The drum on which this particular group beat was the prospect of a post-Cold War Pax Americana, when a new golden age was there for the taking, if only the United States would exert itself, take advantage of it's status as the last superpower, and mold the world into its own image. William Kristol and Robert Kagan actually described it as "neo-Reaganite" and a "benevolent global hegemony" in their July-August 1996 article in Foreign Affairs.

I'm no fan of Robert Burns—anyone who writes an ode to a haggis has got to be mentally suspect, if not bloody barking mad—but he has one bit of wisdom that has become proverbial. "The best laid schemes o' mice an' men gang aft agley."

The letter's text (the whole thing is here at the PNAC's website) concluded with the following four paragraphs:

Such uncertainty will, by itself, have a seriously destabilizing effect on the entire Middle East. It hardly needs to be added that if Saddam does acquire the capability to deliver weapons of mass destruction, as he is almost certain to do if we continue along the present course, the safety of American troops in the region, of our friends and allies like Israel and the moderate Arab states, and a significant portion of the world's supply of oil will all be put at hazard. As you have rightly declared, Mr. President, the security of the world in the first part of the 21st century will be determined largely by how we handle this threat.

Given the magnitude of the threat, the current policy, which depends for its success upon the steadfastness of our coalition partners and upon the cooperation of Saddam Hussein, is dangerously inadequate. The only acceptable strategy is one that eliminates the possibility that Iraq will be able to use or threaten to use weapons of mass destruction. In the near term, this means a willingness to undertake military action as diplomacy is clearly failing. In the long term, it means removing Saddam Hussein and his regime from power. That now needs to become the aim of American foreign policy.

We urge you to articulate this aim, and to turn your Administration's attention to implementing a strategy for removing Saddam's regime from power. This will require a full complement of diplomatic, political and military efforts. Although we are fully aware of the dangers and difficulties in implementing this policy, we believe the dangers of failing to do so are far greater. We believe the U.S. has the authority under existing UN resolutions to take the necessary steps, including military steps, to protect our vital interests in the Gulf. In any case, American policy cannot continue to be crippled by a misguided insistence on unanimity in the UN Security Council.

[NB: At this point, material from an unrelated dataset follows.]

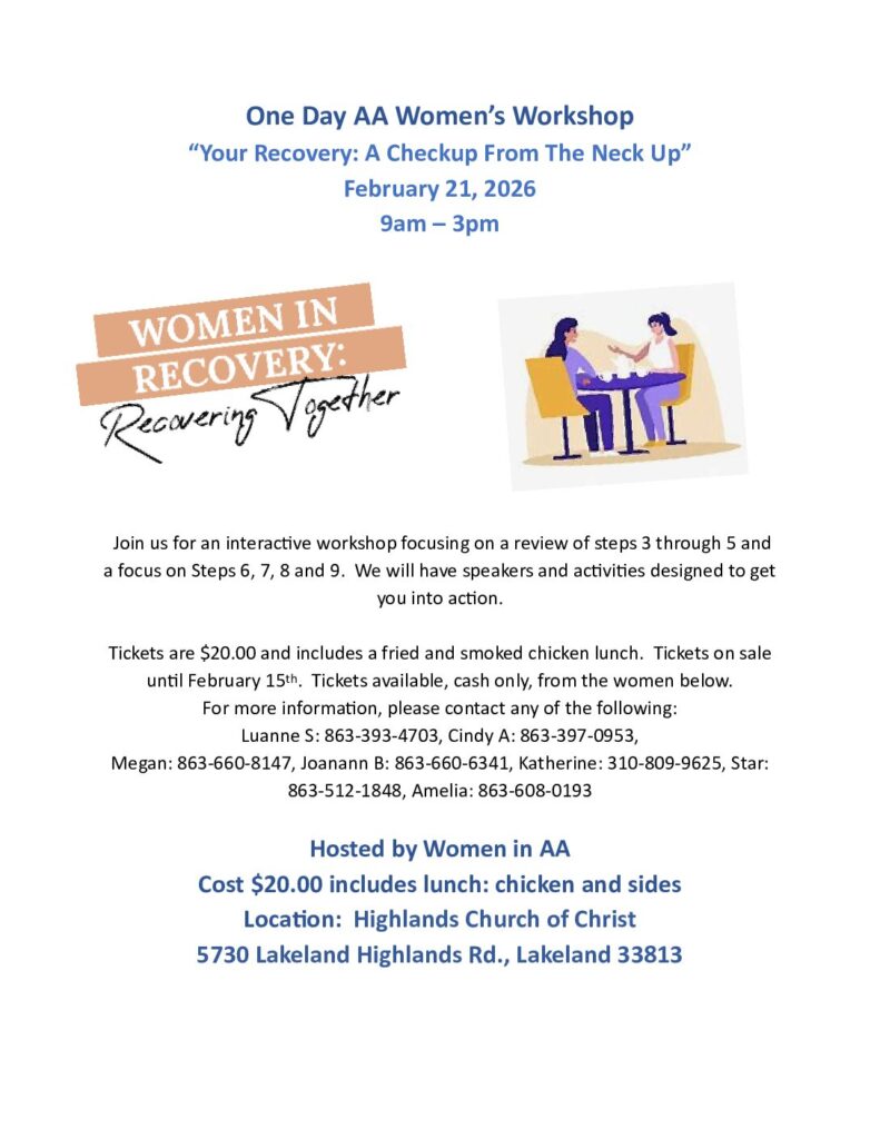 This is a one-day interactive Women's Conference/Workshop. It will feature a quick review of steps 3, 4 and 5 and hands-on work with steps 6, 7, 8 and 9. Lunch...

We urge you to act decisively. If you act now to end the threat of weapons of mass destruction against the U.S. or its allies, you will be acting in the most fundamental national security interests of the country. If we accept a course of weakness and drift, we put our interests and our future at risk.

Translation: The oil's in danger. Iraq delenda est. Screw the UN. You're chicken if you do anything else.

The letter's signers were:

Elliott Abrams, who during the Reagan administration was deeply involved in the Iran-Contra arms deal. He later served as President W's Special Assistant for Near East and North African Affairs and Deputy National Security Advisor for Global Democracy Strategy. He allegedly approved, if not directly managed, the failed 2002 coup against Venezuelan president Hugo Chavez, as well as meddling extensively in Israeli/Palestinian affairs.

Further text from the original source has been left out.